# TASK 3 — official benches status (2026-05-01)

Per user TASK 3: "Run LiveCodeBench subset, BFCL official/hard subset,
GPQA Diamond subset. Use official harness/dataset where possible.
If blocked, blocker must be exact: auth/dataset/dependency/GPU/harness."

## Per-bench status

### LiveCodeBench &nbsp;✅ HARNESS READY, BLOCKED ON GPU

* **Dataset:** `livecodebench/code_generation` (HF, public, no auth required).
* **Schema verified:** `question_content` (prompt), `public_test_cases` (stdin/stdout JSON list), `difficulty` (easy/medium/hard).
* **Harness:** `tools/bench/livecodebench_3mode.py` — same A/B/C modes as MBPP harness, scores by running candidate Python program against every public test case after `python3 -c <prog>` with stdin from each `tc['input']`. Default `--difficulty easy --n 50`.
* **Note on `code_generation_lite`:** that variant uses a deprecated dataset script (`Dataset scripts are no longer supported`); the non-lite variant works without modification.
* **Blocker:** **GPU contention** — TASK 2 full N=100/164 × 3 modes is occupying the single RTX 3060 Ti for ~6 hours. LiveCodeBench can fire after.

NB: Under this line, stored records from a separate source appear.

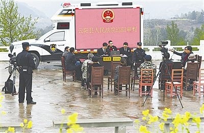 圖①:巡回審判車開向坪東村。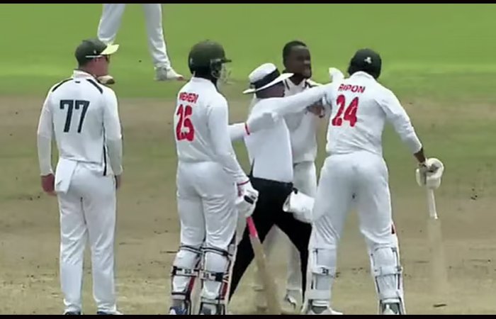 રિપોને તુલીના બોલ પર એક શક્તિશાળી છગ્ગો ફટકાર્યો. પછી બોલર અને બેટ્સમેન એકબીજા સામે જોવા લાગ્યા. જોકે, જ્યારે રિપન ક્રીઝ પર પાછા ફરવા માટે વળ્યો, ત્યારે તુલીએ બાંગ્લાદેશી બેટ્સમેનનો કોલર પકડીને તેને ધક્કો માર્યો.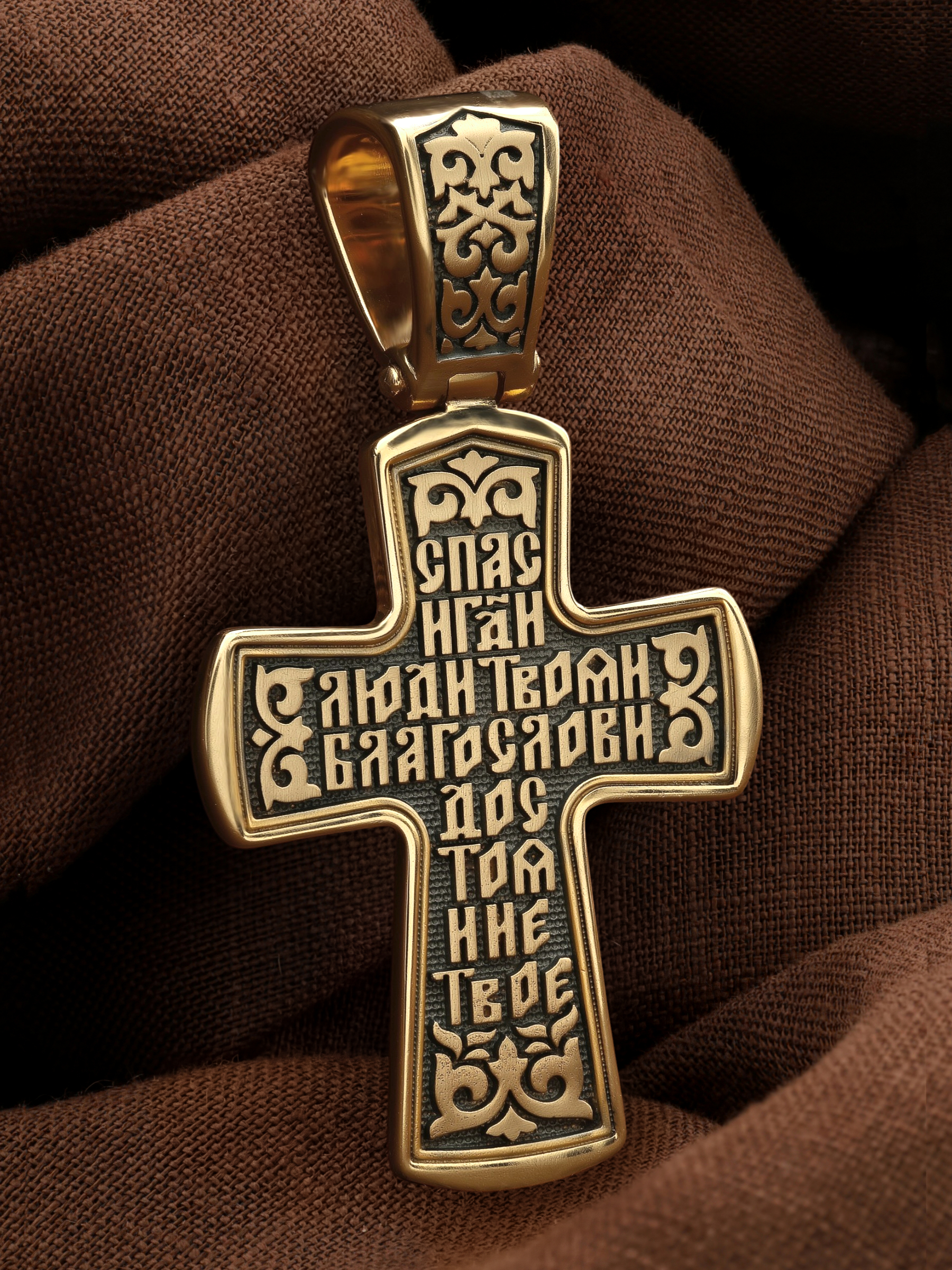 На оборотной стороне креста написан начальный стих тропаря Животворящему Кресту Господню: «Спаси, Господи, люди Твоя и благослови достояние твое…».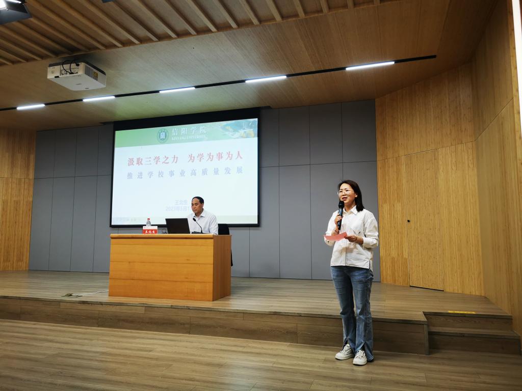 他指出,广大青年教师在为学上要研究真问题,着眼世界学术前沿和国家重大需求,致力于解决实际问题,善于学习新知。在为事上要坚定信念,始终同党和人民站在一起,自觉做中国特色社会主义的坚定信仰者和忠实实践者。在为人上要严爱相济、润己泽人,以人格魅力呵护学生心灵,关注全体学生。希望大家不断提高自身能力,站稳讲台,站好讲台,时刻牢记立德树人根本任务,争做信阳学院的“大先生”。
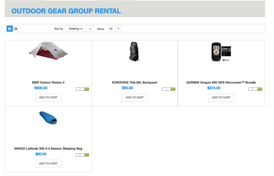 In the showcase, we have created an Outdoor gear group rental category. The overall process for creating a category is as follows: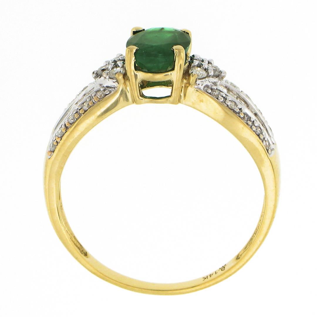 A solid 14k yellow & white gold ring, with 1 oval cut natural emerald (8.06x5.93mm - 1.26ct ), and 28 round brilliant cut natural diamonds (H/I - I1/I2 ; 0.30ctw), and 12 baguette cut natural diamonds (H/I - SI2/I1 ; 0.30ctw). The ring is size 9.0, weighs a total of 3.32 grams, and measures 8.1mm wide.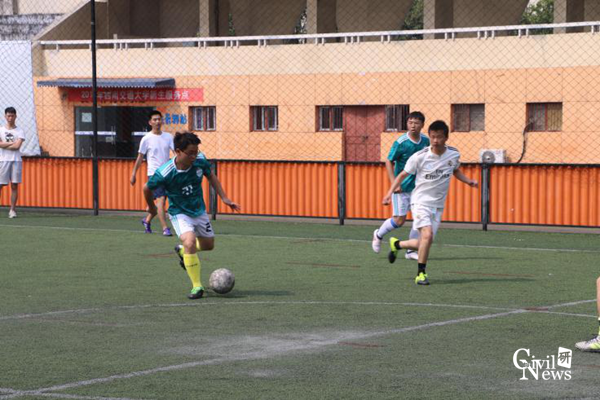天气炎热,却遮挡不住足球场上球员的热情。随着裁判员一声哨响,比赛正式开始。上半场刚开始,结构队14号陈虹羽同学便以迅雷之势先进一球。之后,岩土队开始严密防守,但结构队攻势甚猛,7号文鸿同学又进一球,给岩土队造成了巨大的心理压力。经过激烈的角逐,岩土队8号王泽华同学进一球,为岩土队扳回一城。上半场结构队以2:1暂时领先。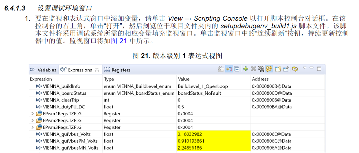 目前板子上电,可以正常调试了。遇到个问题,我按照下图打开了脚本控制台对话框,但是没有在控制台的右上角找到“打开”浏览项目文件夹里面的setupdebugenv_build1.js,也就没法进行调试系统所需的变量值,麻烦你在上图里面给我标一下。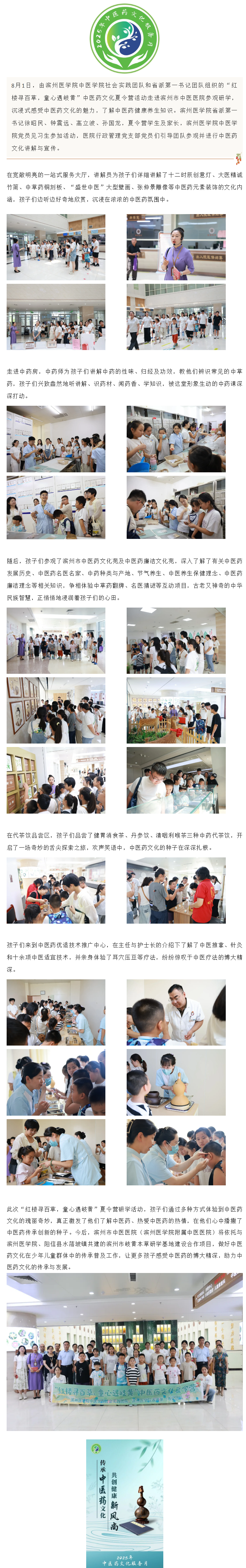 滨州医学院中医学院社会实践团队和省派第一书记团队组织“红楼寻百草,童心遇岐黄”中医药文化夏令营走进滨州市中医医院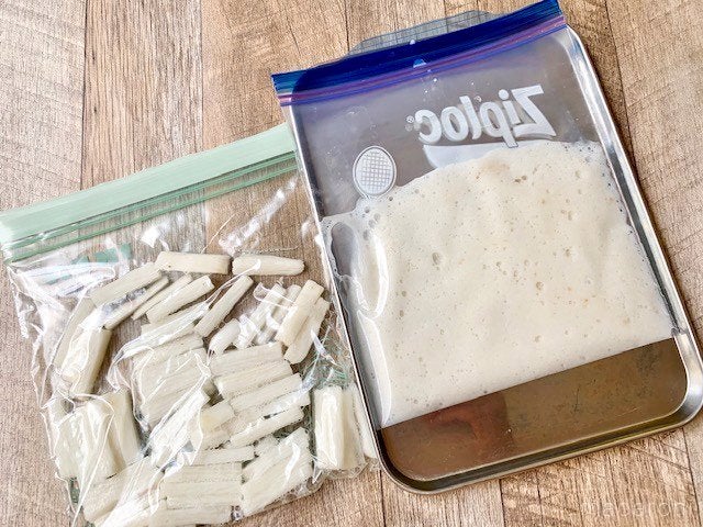 長いもはすりおろした状態で冷凍しておくと便利ですよ。金属バットなどにのせて、平らに薄くのばした状態で急速冷凍すれば、必要なだけポキポキ折って使えます。短冊切りは、なるべく重ならないようにフリーザーバッグに入れ空気を抜いて冷凍します。 また、短冊切りの長いもを保存する場合はピーラーで皮をむいたら、2~3分酢水にさらしておきましょう。このひと手間で、変色を防ぐことができます。キッチンペーパーで水気をふき取ってから、すりおろしたり短冊切りにしてください。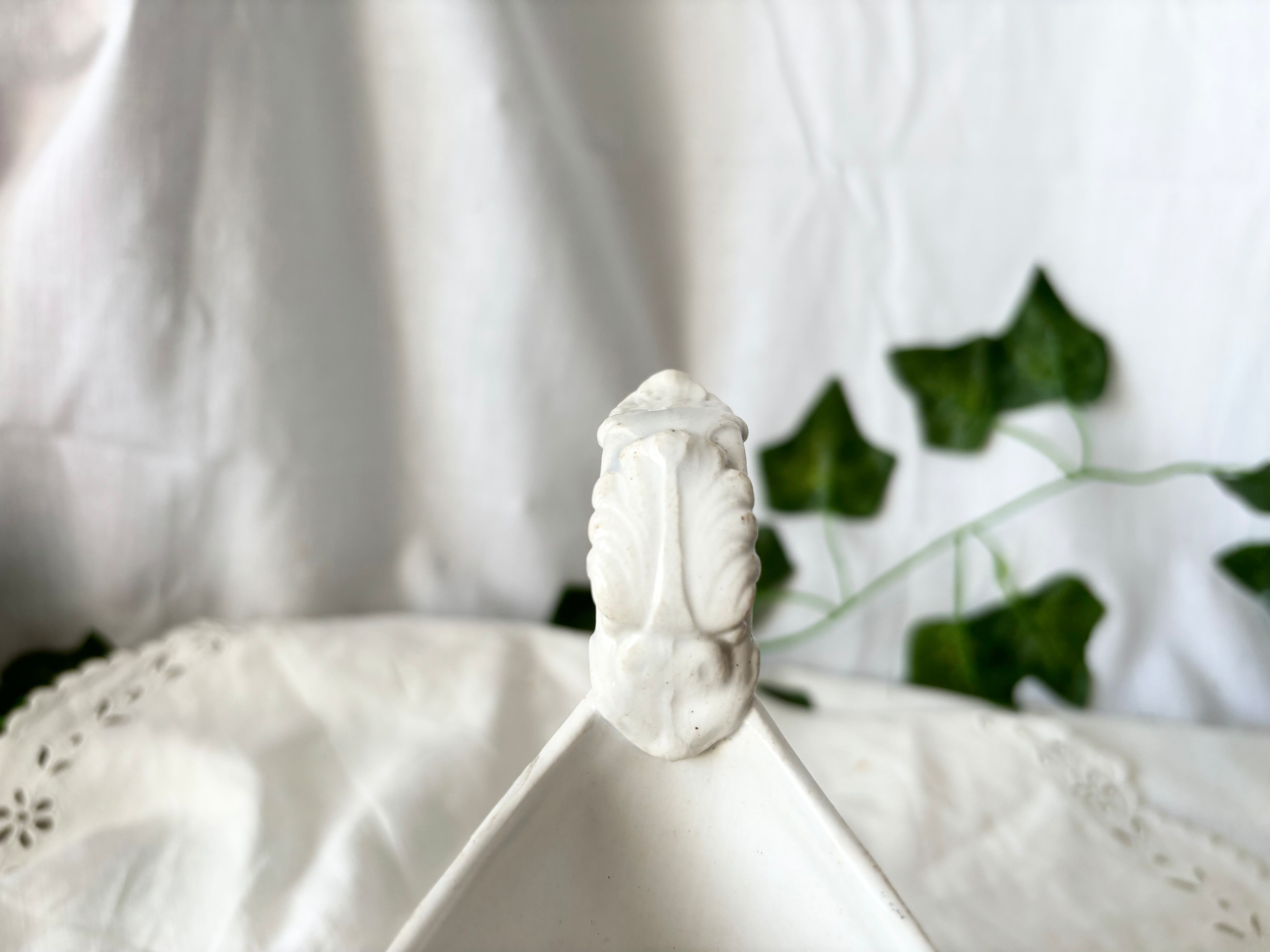 シンプルな白にカーブの美しさと彫刻が映える逸品です。ハンドル部分が白鳥デザインで、エレガントなアールヌーボーのスタイルです。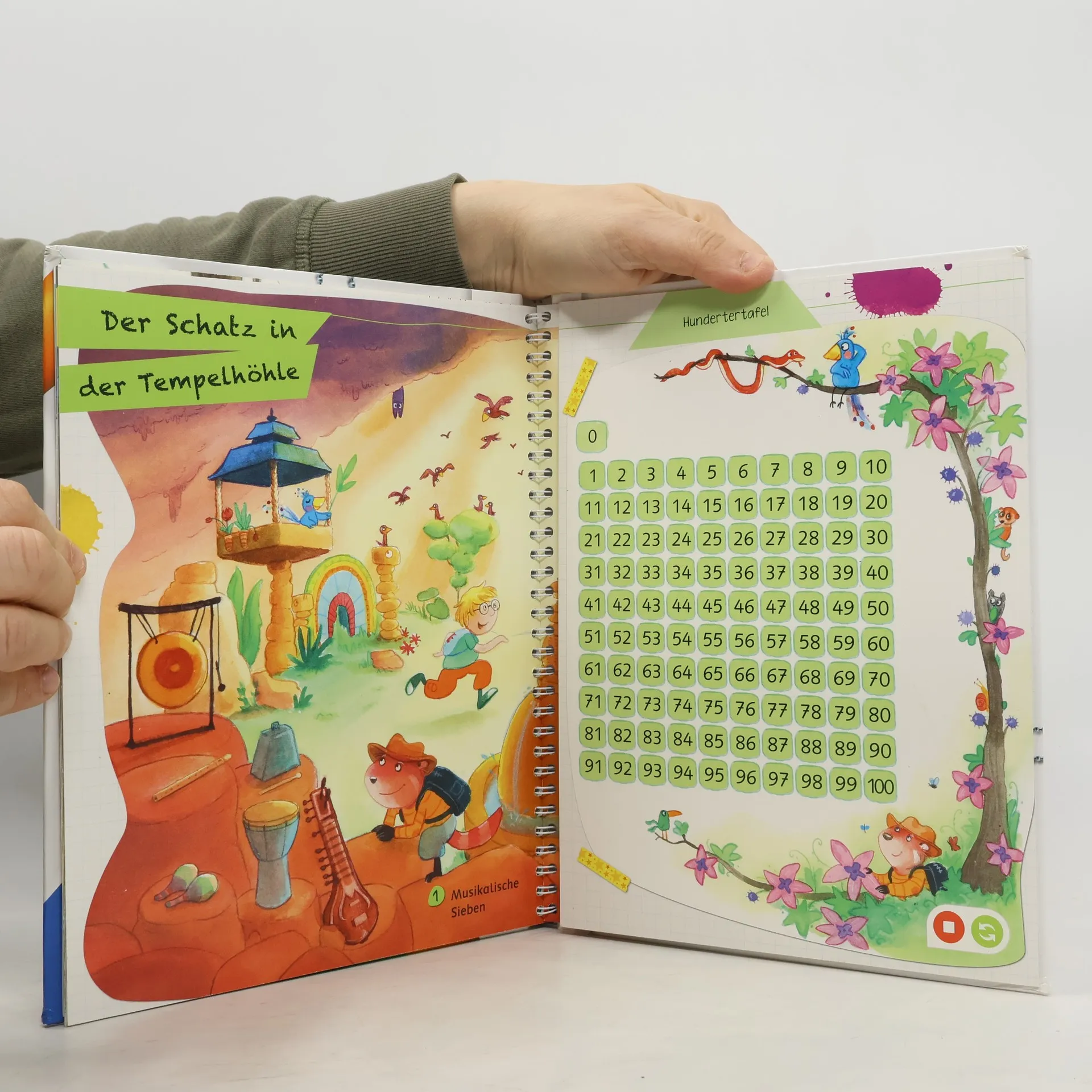 So macht Rechnen Spaß! Leni und David machen sich gemeinsam mit Abenteurer Marvin und Mathegenie Kurt auf die Suche nach dem großen Schatz im Einmaleins-Gebirge. Auf ihrem Weg gelangen sie in eine fantastische Höhlenwelt, in der sie zahlreiche Rechenaufgaben lösen und kniffelige Hindernisse überwinden müssen. Am Ende kommen die vier dem Geheimnis des Schatzes in einer verfallenen Tempelruine auf die Spur. Mit der Reihe tiptoi Lern mit mir! erleben die Kinder spielerisch, interaktiv und selbstständig verschiedene Lernthemen für die Grundschule. In den Bänden der Reihe können sie so Deutsch- und Mathematik-Inhalte für die 1. Klasse vertiefen, das kleine 1 x 1 üben oder Deutschland mit seinen Gebirgen, Städten und Sehenswürdigkeiten kennenlernen. Alle Inhalte werden kindgerecht und in Bezug auf die Lehrpläne der jeweiligen Fächer vermittelt. In jedem Buch gibt es viele knifflige und lustige Aufgaben in zahlreichen Varianten und mit motivierender Lösungskontrolle. Dies sorgt für wiederholte Beschäftigung und nachhaltigen Lernerfolg. Lustige Geräusche und spannende Geschichten runden das interaktive Erlebnis ab. Die Reihe ist somit die ideale Unterstützung zum Aneignen und selbständigen Vertiefen des Schulstoffs. tiptoi-Stift nicht enthalten. Muss separat erworben werden.

### BFCL official hard subset &nbsp;❌ BLOCKED — DEPENDENCY

* **Tried dataset:** `gorilla-llm/Berkeley-Function-Calling-Leaderboard`.
* **Exact error:**

  ```
  DataFilesNotFoundError: No (supported) data files found in
  gorilla-llm/Berkeley-Function-Calling-Leaderboard
  ```

  The official BFCL data is **not packaged as a HuggingFace dataset.** The official path requires their own `gorilla-bfcl` Python package (`pip install bfcl-eval`) and their CLI runner (`bfcl run --model <name> --test-category multi_turn_long_context,...`). That CLI is built around OpenAI/Anthropic API hosts; pointing it at a local `--chat`-shaped binary needs custom glue.
* **Blocker = dependency.** Requires installing `bfcl-eval` and writing an adapter that wraps `./build/gigachad_native --chat <prompt>` as a fake API endpoint the BFCL CLI can hit. ~3–4 hours additional engineering.
* **Existing `tools/bench/bfcl_subset.py`:** that's the hand-curated 10-problem smoke that TASK 5 explicitly disqualifies. Kept as a smoke; **not** a substitute for the official BFCL.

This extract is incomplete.